## [Your assignment]
Would you transcribe the listing exactly as it stands, minus any images?

## [Data section]
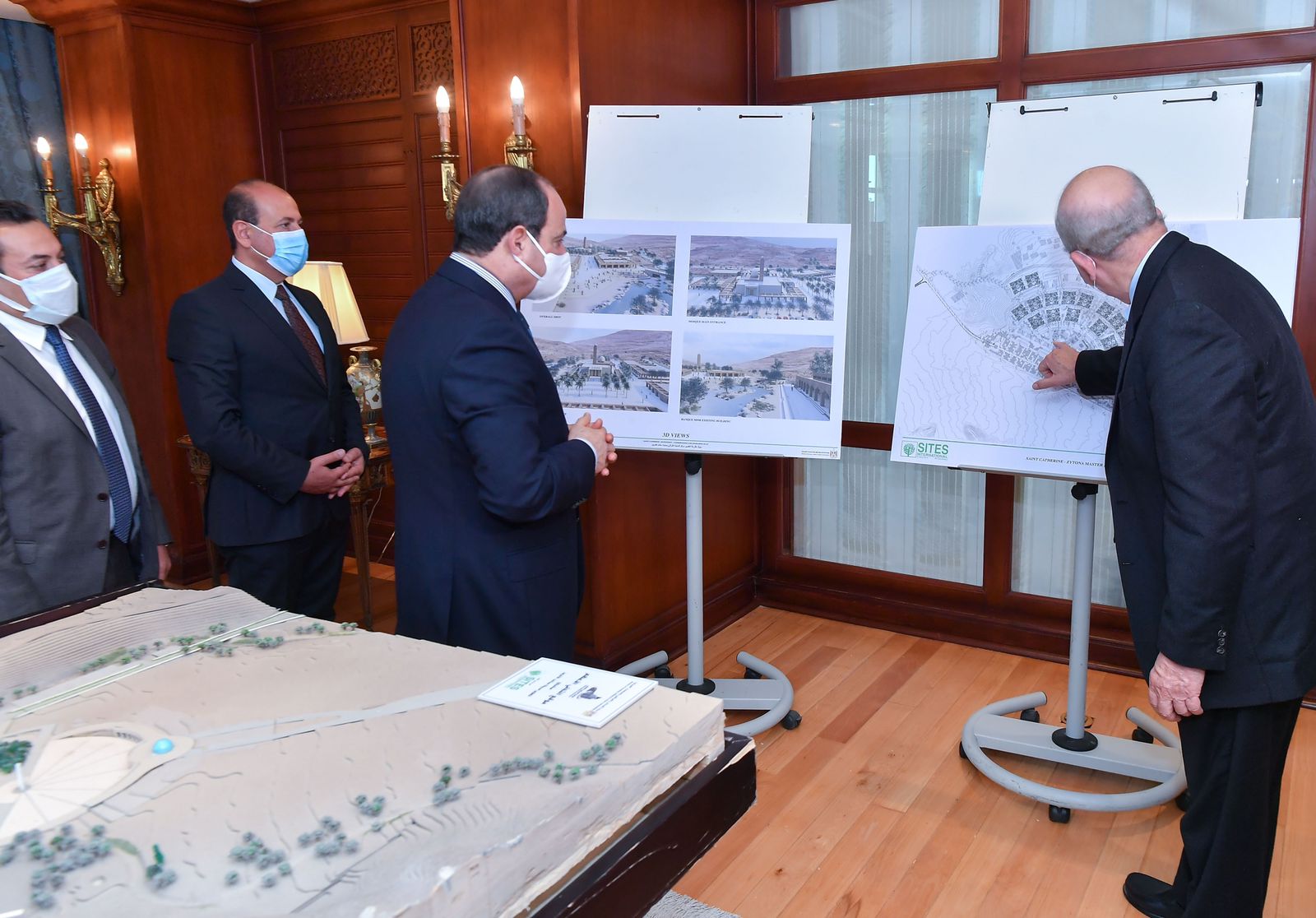 كما وجه الرئيس بتوفير كافة الخدمات لزوار هذا المكان المتفرد على مستوى العالم مع الحفاظ على الطابع البيئي والبصري للمكان، وكذلك مراعاة اعتبارات التنمية المستدامة من خلال دراسة الاعتماد على الطاقة النظيفة والمتجددة، إلى جانب الاهتمام بالزراعات والمسطحات الخضراء والتنسيق الحضاري.
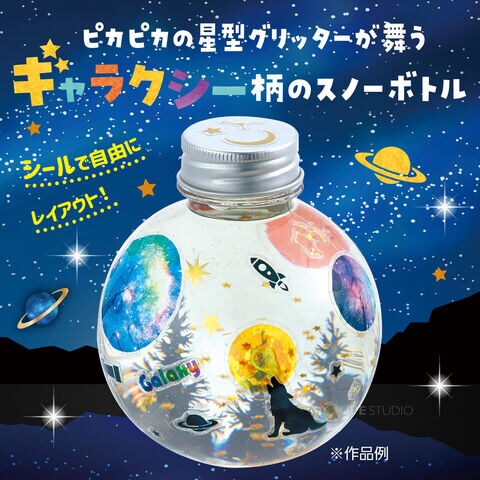 • 貼って混ぜて完成!簡単に作れるギャラクシースノーボトルキットです。
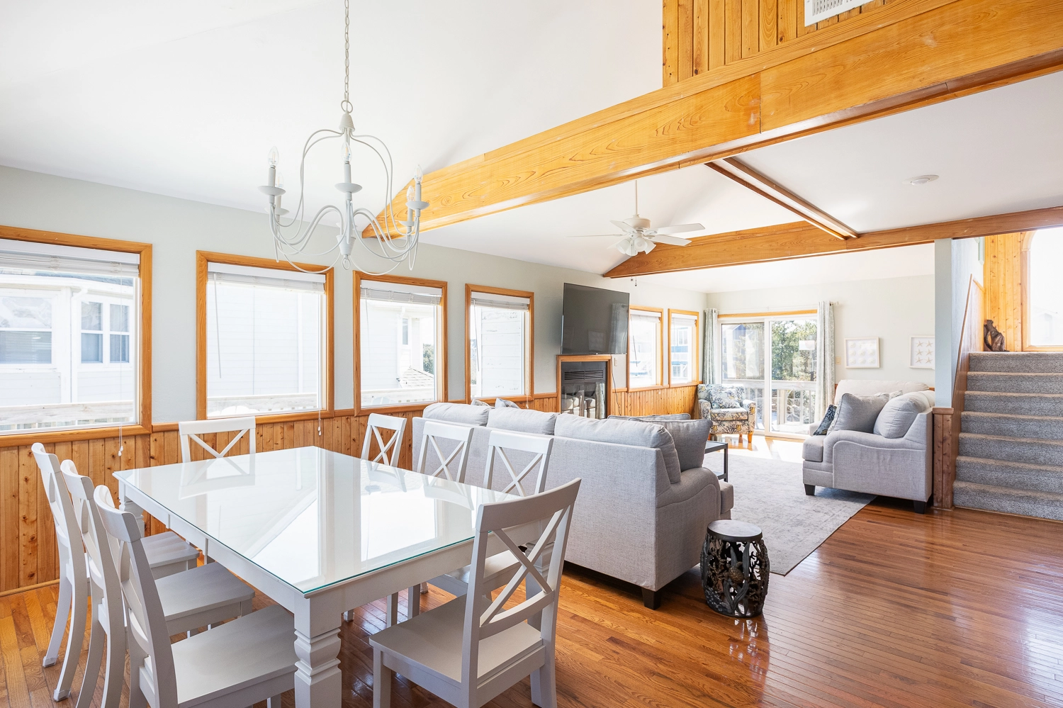 The home’s main gathering space is in the great room on the second floor. The living area is situated perfectly for catching up with loved ones or watching TV together. Across the room, the well-equipped kitchen is stocked with everything you need to prepare meals throughout your vacation. Meals can be enjoyed together at the dining area table nearby, which offers an ocean view. The coffee bar, adjacent to the kitchen, is a great place to grab a cup of coffee and head out to the deck. When you’re ready for some fresh air, step outside onto the deck to enjoy the salty breeze. Back inside and up just a few stairs, the ship’s watch is the perfect place to sip your morning coffee, with large windows to enhance the beautiful views of the ocean to the east and Currituck Beach Lighthouse to the west. Across the great room and up a half-flight of stairs, the ship’s watch is the perfect place to sneak away with a good book. This room offers windows on three sides with views of the ocean and the lighthouse. There is a TV and a wet bar with a beverage refrigerator, as well as built-in bench seating.

## [Output for this task]
 كما وجه الرئيس بتوفير كافة الخدمات لزوار هذا المكان المتفرد على مستوى العالم مع الحفاظ على الطابع البيئي والبصري للمكان، وكذلك مراعاة اعتبارات التنمية المستدامة من خلال دراسة الاعتماد على الطاقة النظيفة والمتجددة، إلى جانب الاهتمام بالزراعات والمسطحات الخضراء والتنسيق الحضاري.
 • 貼って混ぜて完成!簡単に作れるギャラクシースノーボトルキットです。
 The home’s main gathering space is in the great room on the second floor. The living area is situated perfectly for catching up with loved ones or watching TV together. Across the room, the well-equipped kitchen is stocked with everything you need to prepare meals throughout your vacation. Meals can be enjoyed together at the dining area table nearby, which offers an ocean view. The coffee bar, adjacent to the kitchen, is a great place to grab a cup of coffee and head out to the deck. When you’re ready for some fresh air, step outside onto the deck to enjoy the salty breeze. Back inside and up just a few stairs, the ship’s watch is the perfect place to sip your morning coffee, with large windows to enhance the beautiful views of the ocean to the east and Currituck Beach Lighthouse to the west. Across the great room and up a half-flight of stairs, the ship’s watch is the perfect place to sneak away with a good book. This room offers windows on three sides with views of the ocean and the lighthouse. There is a TV and a wet bar with a beverage refrigerator, as well as built-in bench seating.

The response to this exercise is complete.